* About this exercise
So that the copy stays text only, transcribe the data below exactly and exclude the images.

* Task input
═══

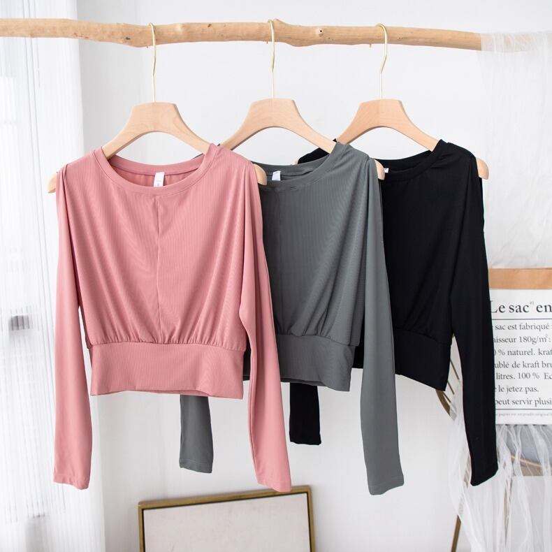 トップス ロンT カットソー 部屋着 レディース オープンショルダー ラウンドネック ワイド ドレープ バルーン フェミニン タック ウエストマーク スリット ハイウエスト ギャザー ストレッチ 伸縮性 かわいい 大人可愛い シンプル カジュアル おしゃれ こなれ感 スポーティー ガーリー 抜け感 キュート ベーシック アクティブ 無地 春 秋 ジム ヨガ ピラティス ダンス 重ね着 楽ちん 脚長 普段使い 着回し レイヤード 定番 S M L ゆったり ゆる 黒 ブラック グレー ピンク アプリコット | Reluci
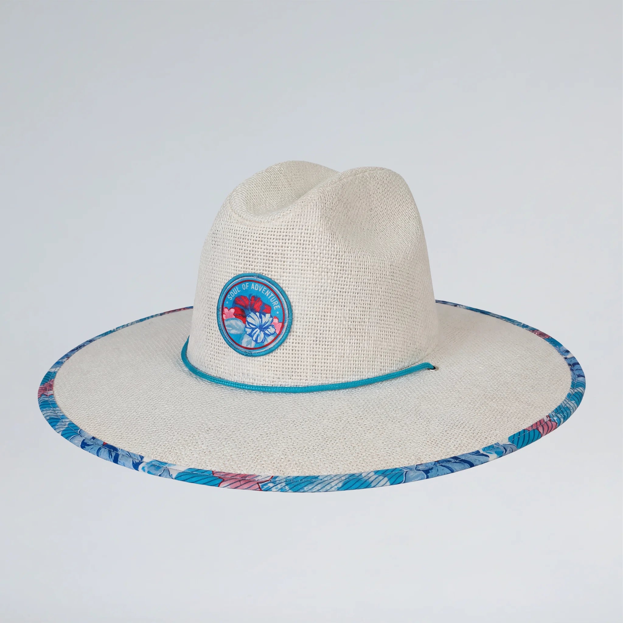 Premium synthetic straw, machine-woven for durability that holds its shape through long days in the sun. Finished with a 100% polyester under brim and a custom color story that's all its own.
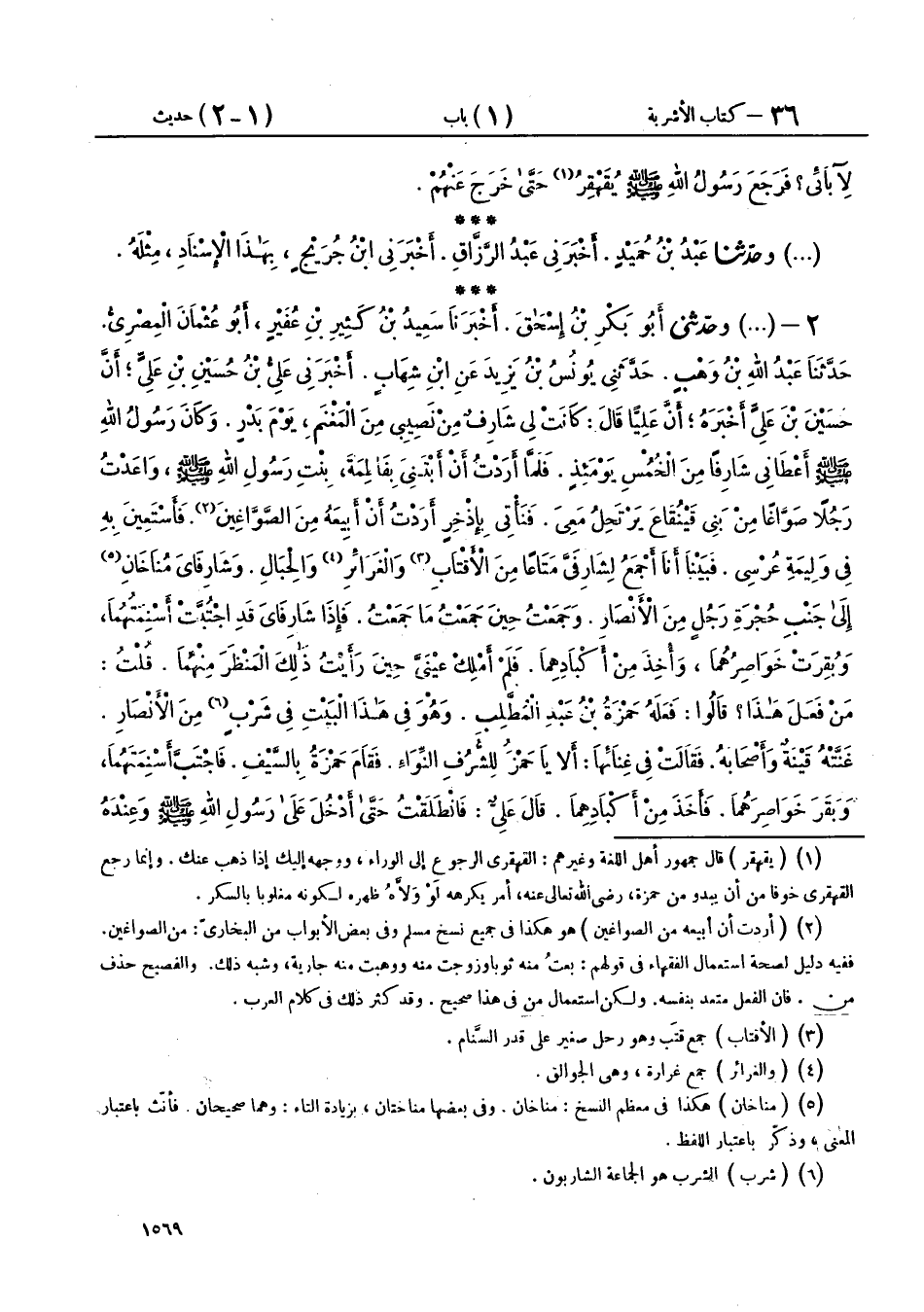 2 - (1979) وحَدَّثَنِي أَبُو بَكْرِ بْنُ إِسْحَاقَ، أَخْبَرَنَا سَعِيدُ بْنُ كَثِيرِ بْنِ عُفَيْرٍ أَبُو عُثْمَانَ الْمِصْرِيُّ، حَدَّثَنَا عَبْدُ اللهِ بْنُ وَهْبٍ، حَدَّثَنِي يُونُسُ بْنُ يَزِيدَ، عَنِ ابْنِ شِهَابٍ، أَخْبَرَنِي عَلِيُّ بْنُ حُسَيْنِ بْنِ عَلِيٍّ، أَنَّ حُسَيْنَ بْنَ عَلِيٍّ، أَخْبَرَهُ، أَنَّ عَلِيًّا، قَالَ: كَانَتْ لِي شَارِفٌ مِنْ نَصِيبِي مِنَ الْمَغْنَمِ يَوْمَ بَدْرٍ، وَكَانَ رَسُولُ اللهِ صَلَّى اللهُ عَلَيْهِ وَسَلَّمَ أَعْطَانِي شَارِفًا مِنَ الْخُمُسِ يَوْمَئِذٍ، فَلَمَّا أَرَدْتُ أَنْ أَبْتَنِيَ بِفَاطِمَةَ بِنْتِ رَسُولِ اللهِ صَلَّى اللهُ عَلَيْهِ وَسَلَّمَ، وَاعَدْتُ رَجُلًا صَوَّاغًا مِنْ بَنِي قَيْنُقَاعَ يَرْتَحِلُ مَعِيَ، فَنَأْتِي بِإِذْخِرٍ أَرَدْتُ أَنْ أَبِيعَهُ مِنَ الصَّوَّاغِينَ فَأَسْتَعِينَ بِهِ فِي وَلِيمَةِ عُرْسِي، فَبَيْنَا أَنَا أَجْمَعُ لِشَارِفَيَّ مَتَاعًا مِنَ الْأَقْتَابِ، وَالْغَرَائِرِ وَالْحِبَالِ، وَشَارِفَايَ مُنَاخَتَانِ إِلَى جَنْبِ حُجْرَةِ رَجُلٍ مِنَ الْأَنْصَارِ، وَجَمَعْتُ حِينَ جَمَعْتُ مَا جَمَعْتُ، فَإِذَا شَارِفَايَ قَدِ اجْتُبَّتْ أَسْنِمَتُهُمَا، وَبُقِرَتْ خَوَاصِرُهُمَا، وَأُخِذَ مِنْ أَكْبَادِهِمَا، فَلَمْ أَمْلِكْ عَيْنَيَّ حِينَ رَأَيْتُ ذَلِكَ الْمَنْظَرَ مِنْهُمَا، قُلْتُ: مَنْ فَعَلَ هَذَا؟ قَالُوا: فَعَلَهُ حَمْزَةُ بْنُ عَبْدِ الْمُطَّلِبِ وَهُوَ فِي هَذَا الْبَيْتِ فِي شَرْبٍ مِنَ الْأَنْصَارِ غَنَّتْهُ قَيْنَةٌ وَأَصْحَابَهُ، فَقَالَتْ فِي غِنَائِهَا:
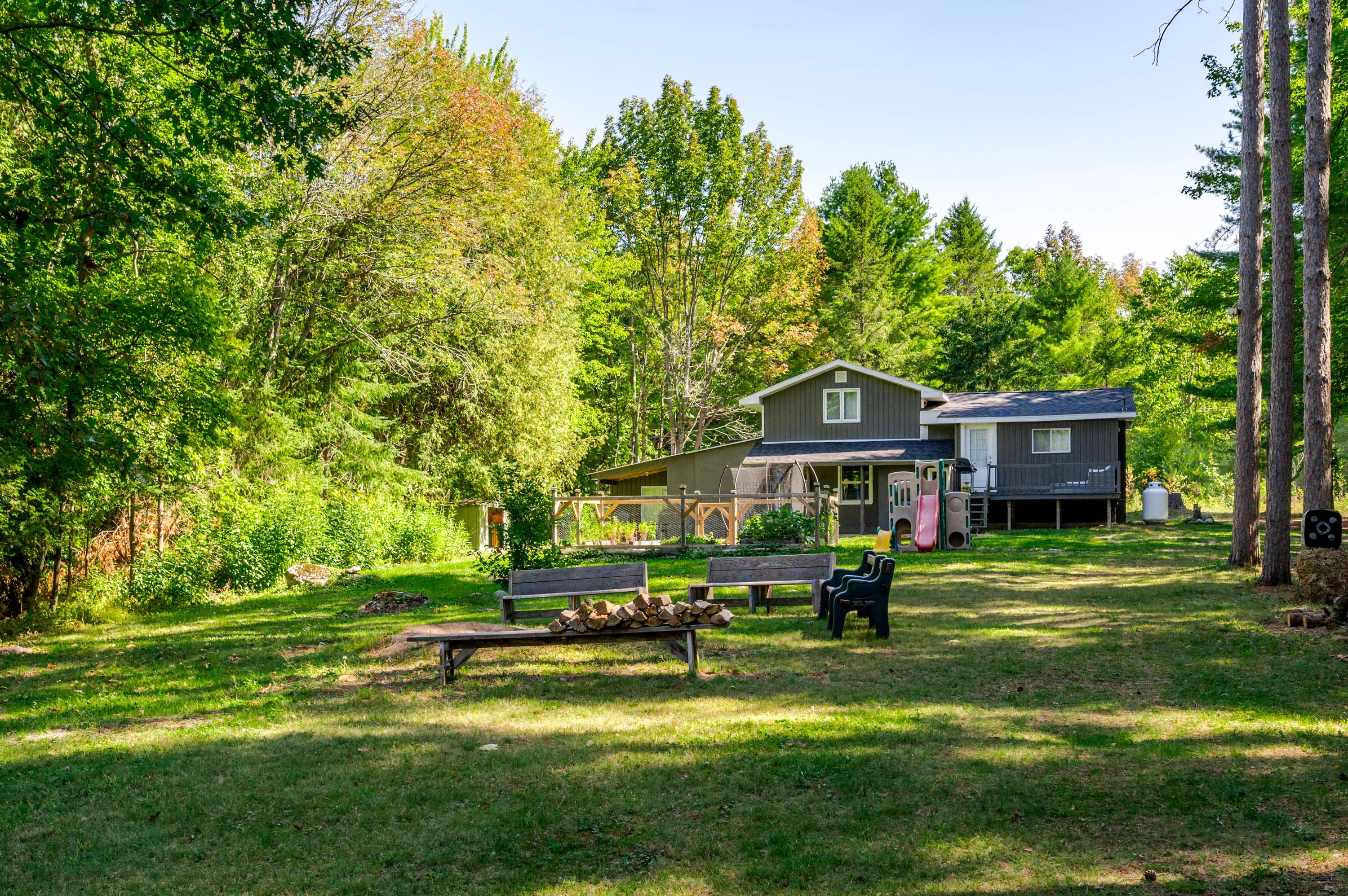 • Private retreat on a level 1-acre lot surrounded by nature.
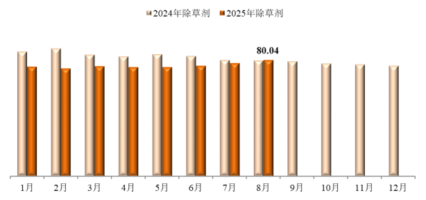 8月,除草剂价格指数为80.04,环比上涨2.57%,同比上涨0.09%。监测在内的44种除草剂产品中,加权平均成交价格环比上涨的26种,环比持平的2种,环比下跌的16种;加权平均成交价格同比上涨的16种,同比下跌的28种。
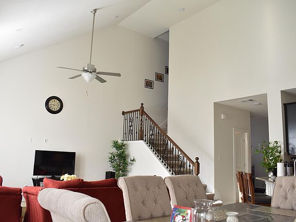 Stunning two story foyer entrance & high living room ceilings
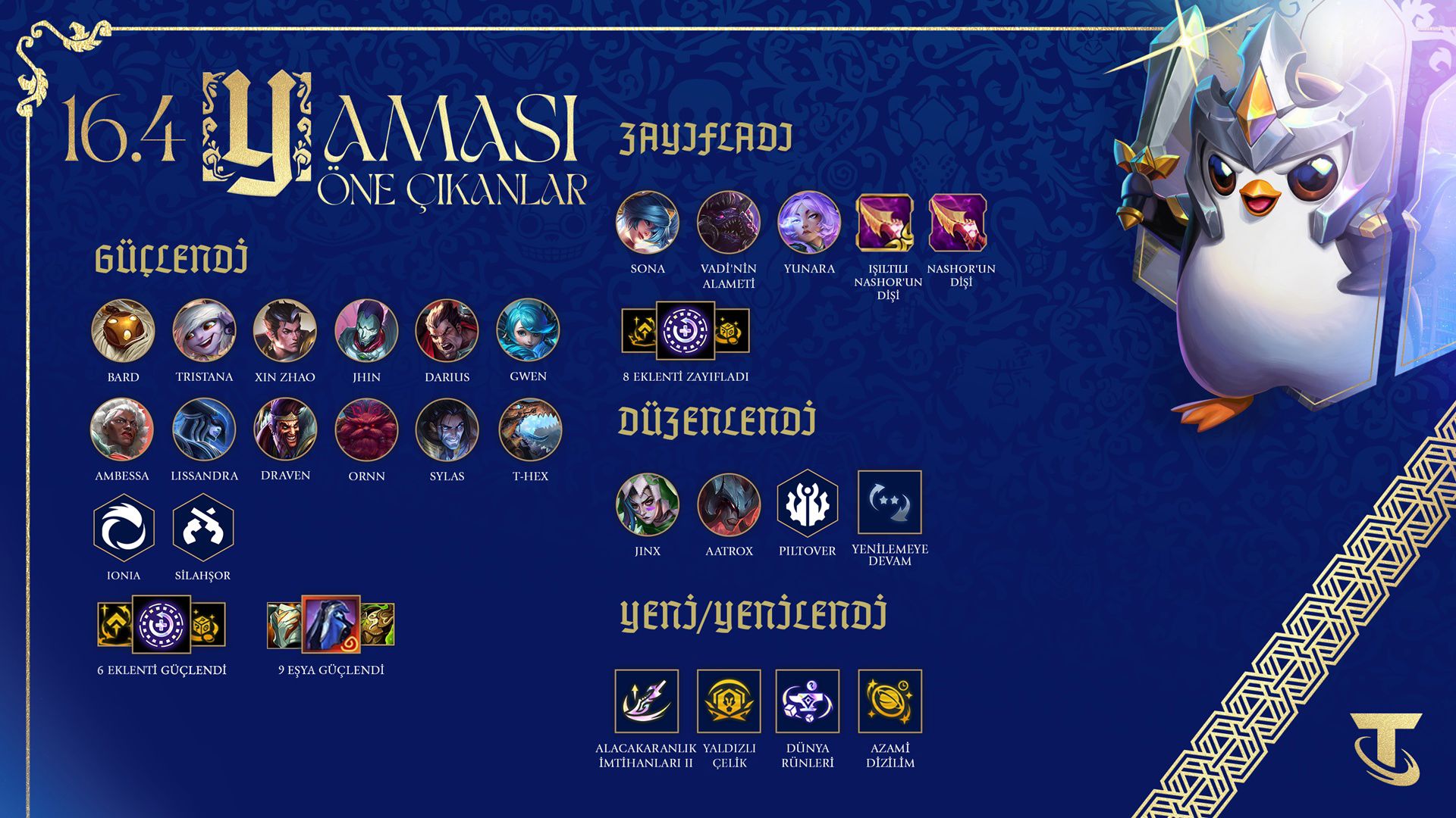 Yone için gereken koşullar da değişti. Daha önce üç yıldızlı Yasuo istenirken artık 7. seviyede üç eşyalı iki yıldızlı Yasuo yeterli olacak. Veigar tarafında ise kilit açma şartı sadeleştirildi ve bir Yordle şampiyonuna takılmış tek bir Rabadon’un Şapkası yeterli hale getirildi. Vadi’nin Alameti için gerekli Hiçlik savaş sayısı da sekizden ikiye düşürüldü ve buna 7. seviye şartı eklendi.
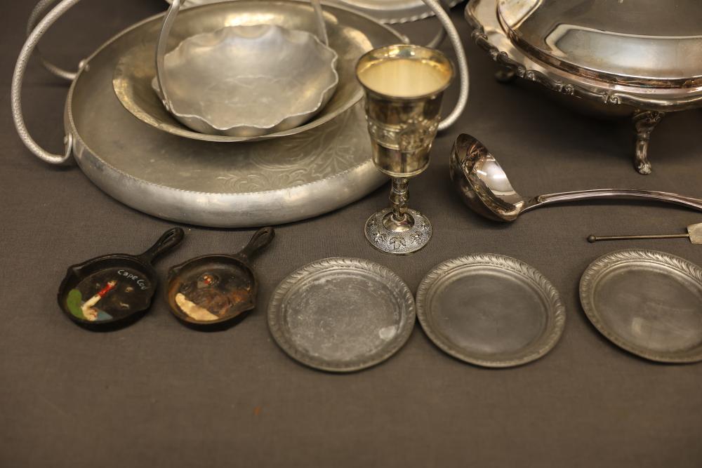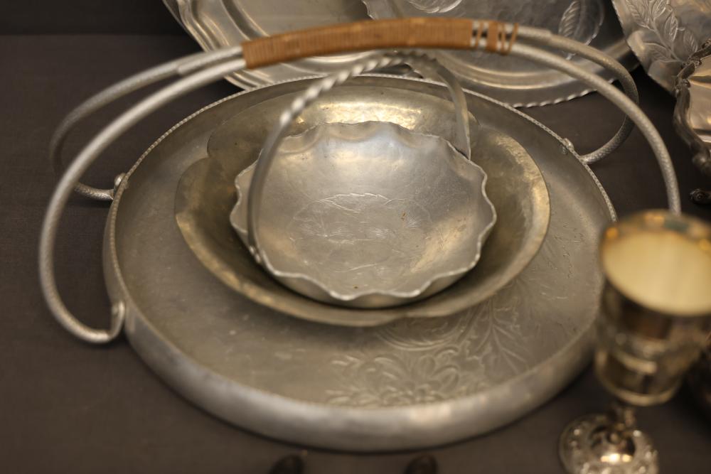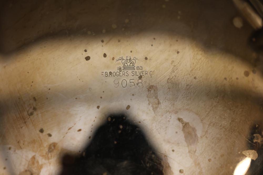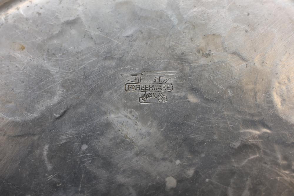 Decorative Metalware Including Rogers Silver and Farberware. This includes trays, pitchers, plates, serving bowls, and various decorative miniatures. The pieces showcase a mix of engraved and embossed details with various maker's marks, including Rogers Silver, Farberware, and additional stamped pieces. Sold as photographed. Pickup only.
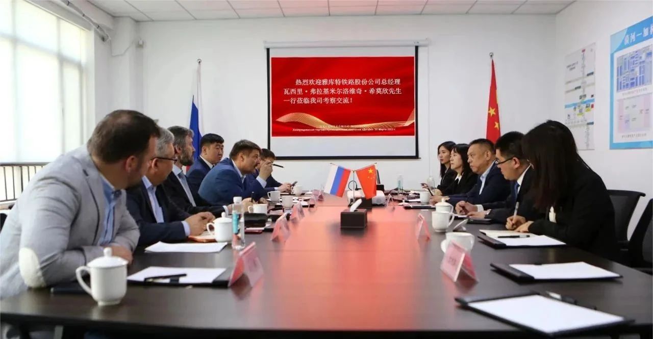 今年2 月雅庫特鐵路代表團曾到訪公司,雙方已就漠河—加林達口岸項目建設(shè)及發(fā)展規(guī)劃方面的合作達成初步共識。本次瓦西里·希莫欣總經(jīng)理一行再度到訪,雙方就深化合作與推動項目落地進行了深入交流,并商定了合作模式、實施路線圖等細節(jié)問題。
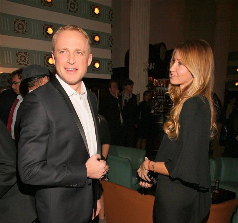 Piotr jak na dżentelmena przystało, przestawiał swoją znajomą kolegom. Tajemnicza blondynka pozwoliła sobie nawet na to, by publicznie objąć aktora.
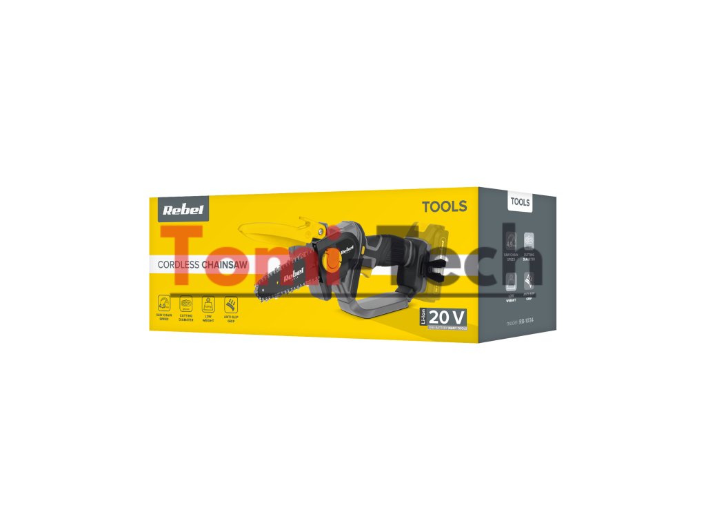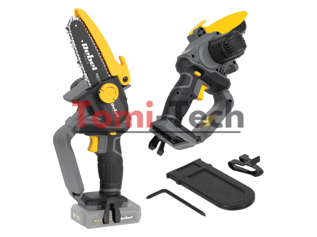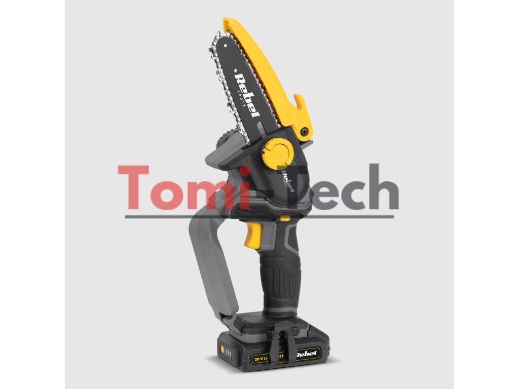 Mini akumulátorová reťazová píla Rebel je navrhnutá tak, aby poskytovala jednoduchú obsluhu pri prerezávaní stromov a konárov. Zariadenie je vybavené odolným, ale ľahkým telom, vďaka čomu sa ľahko prenáša. S týmto nástrojom sa môžete voľne pohybovať cez husté konáre a dosiahnuť presné rezy.
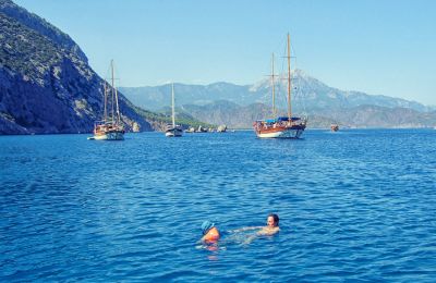 Ein anderes Mal sind wir vor einigen Jahren zusammen mit einer anderen Familie, die wir im Hotel Aida in Cirali kennen gelernt hatten, ganz früh morgens, bevor es zu heiß wird, nach Olympos gewandert. D.h. die Männer sind mit den Kindern am Strand lang gewandert, die andere Mutter und ich geschwommen, beides dauert ca. 40 Minuten. Das Schwimmen der Strecke ist herrlich mit dem Blick vom Meer auf die wunderschöne Bucht...

═══

* Completed exercise
 トップス ロンT カットソー 部屋着 レディース オープンショルダー ラウンドネック ワイド ドレープ バルーン フェミニン タック ウエストマーク スリット ハイウエスト ギャザー ストレッチ 伸縮性 かわいい 大人可愛い シンプル カジュアル おしゃれ こなれ感 スポーティー ガーリー 抜け感 キュート ベーシック アクティブ 無地 春 秋 ジム ヨガ ピラティス ダンス 重ね着 楽ちん 脚長 普段使い 着回し レイヤード 定番 S M L ゆったり ゆる 黒 ブラック グレー ピンク アプリコット | Reluci
 Premium synthetic straw, machine-woven for durability that holds its shape through long days in the sun. Finished with a 100% polyester under brim and a custom color story that's all its own.
 2 - (1979) وحَدَّثَنِي أَبُو بَكْرِ بْنُ إِسْحَاقَ، أَخْبَرَنَا سَعِيدُ بْنُ كَثِيرِ بْنِ عُفَيْرٍ أَبُو عُثْمَانَ الْمِصْرِيُّ، حَدَّثَنَا عَبْدُ اللهِ بْنُ وَهْبٍ، حَدَّثَنِي يُونُسُ بْنُ يَزِيدَ، عَنِ ابْنِ شِهَابٍ، أَخْبَرَنِي عَلِيُّ بْنُ حُسَيْنِ بْنِ عَلِيٍّ، أَنَّ حُسَيْنَ بْنَ عَلِيٍّ، أَخْبَرَهُ، أَنَّ عَلِيًّا، قَالَ: كَانَتْ لِي شَارِفٌ مِنْ نَصِيبِي مِنَ الْمَغْنَمِ يَوْمَ بَدْرٍ، وَكَانَ رَسُولُ اللهِ صَلَّى اللهُ عَلَيْهِ وَسَلَّمَ أَعْطَانِي شَارِفًا مِنَ الْخُمُسِ يَوْمَئِذٍ، فَلَمَّا أَرَدْتُ أَنْ أَبْتَنِيَ بِفَاطِمَةَ بِنْتِ رَسُولِ اللهِ صَلَّى اللهُ عَلَيْهِ وَسَلَّمَ، وَاعَدْتُ رَجُلًا صَوَّاغًا مِنْ بَنِي قَيْنُقَاعَ يَرْتَحِلُ مَعِيَ، فَنَأْتِي بِإِذْخِرٍ أَرَدْتُ أَنْ أَبِيعَهُ مِنَ الصَّوَّاغِينَ فَأَسْتَعِينَ بِهِ فِي وَلِيمَةِ عُرْسِي، فَبَيْنَا أَنَا أَجْمَعُ لِشَارِفَيَّ مَتَاعًا مِنَ الْأَقْتَابِ، وَالْغَرَائِرِ وَالْحِبَالِ، وَشَارِفَايَ مُنَاخَتَانِ إِلَى جَنْبِ حُجْرَةِ رَجُلٍ مِنَ الْأَنْصَارِ، وَجَمَعْتُ حِينَ جَمَعْتُ مَا جَمَعْتُ، فَإِذَا شَارِفَايَ قَدِ اجْتُبَّتْ أَسْنِمَتُهُمَا، وَبُقِرَتْ خَوَاصِرُهُمَا، وَأُخِذَ مِنْ أَكْبَادِهِمَا، فَلَمْ أَمْلِكْ عَيْنَيَّ حِينَ رَأَيْتُ ذَلِكَ الْمَنْظَرَ مِنْهُمَا، قُلْتُ: مَنْ فَعَلَ هَذَا؟ قَالُوا: فَعَلَهُ حَمْزَةُ بْنُ عَبْدِ الْمُطَّلِبِ وَهُوَ فِي هَذَا الْبَيْتِ فِي شَرْبٍ مِنَ الْأَنْصَارِ غَنَّتْهُ قَيْنَةٌ وَأَصْحَابَهُ، فَقَالَتْ فِي غِنَائِهَا:
 • Private retreat on a level 1-acre lot surrounded by nature.
 8月,除草剂价格指数为80.04,环比上涨2.57%,同比上涨0.09%。监测在内的44种除草剂产品中,加权平均成交价格环比上涨的26种,环比持平的2种,环比下跌的16种;加权平均成交价格同比上涨的16种,同比下跌的28种。
 Stunning two story foyer entrance & high living room ceilings
 Yone için gereken koşullar da değişti. Daha önce üç yıldızlı Yasuo istenirken artık 7. seviyede üç eşyalı iki yıldızlı Yasuo yeterli olacak. Veigar tarafında ise kilit açma şartı sadeleştirildi ve bir Yordle şampiyonuna takılmış tek bir Rabadon’un Şapkası yeterli hale getirildi. Vadi’nin Alameti için gerekli Hiçlik savaş sayısı da sekizden ikiye düşürüldü ve buna 7. seviye şartı eklendi.
 Decorative Metalware Including Rogers Silver and Farberware. This includes trays, pitchers, plates, serving bowls, and various decorative miniatures. The pieces showcase a mix of engraved and embossed details with various maker's marks, including Rogers Silver, Farberware, and additional stamped pieces. Sold as photographed. Pickup only.
 今年2 月雅庫特鐵路代表團曾到訪公司,雙方已就漠河—加林達口岸項目建設(shè)及發(fā)展規(guī)劃方面的合作達成初步共識。本次瓦西里·希莫欣總經(jīng)理一行再度到訪,雙方就深化合作與推動項目落地進行了深入交流,并商定了合作模式、實施路線圖等細節(jié)問題。
 Piotr jak na dżentelmena przystało, przestawiał swoją znajomą kolegom. Tajemnicza blondynka pozwoliła sobie nawet na to, by publicznie objąć aktora.
 Mini akumulátorová reťazová píla Rebel je navrhnutá tak, aby poskytovala jednoduchú obsluhu pri prerezávaní stromov a konárov. Zariadenie je vybavené odolným, ale ľahkým telom, vďaka čomu sa ľahko prenáša. S týmto nástrojom sa môžete voľne pohybovať cez husté konáre a dosiahnuť presné rezy.
 Ein anderes Mal sind wir vor einigen Jahren zusammen mit einer anderen Familie, die wir im Hotel Aida in Cirali kennen gelernt hatten, ganz früh morgens, bevor es zu heiß wird, nach Olympos gewandert. D.h. die Männer sind mit den Kindern am Strand lang gewandert, die andere Mutter und ich geschwommen, beides dauert ca. 40 Minuten. Das Schwimmen der Strecke ist herrlich mit dem Blick vom Meer auf die wunderschöne Bucht...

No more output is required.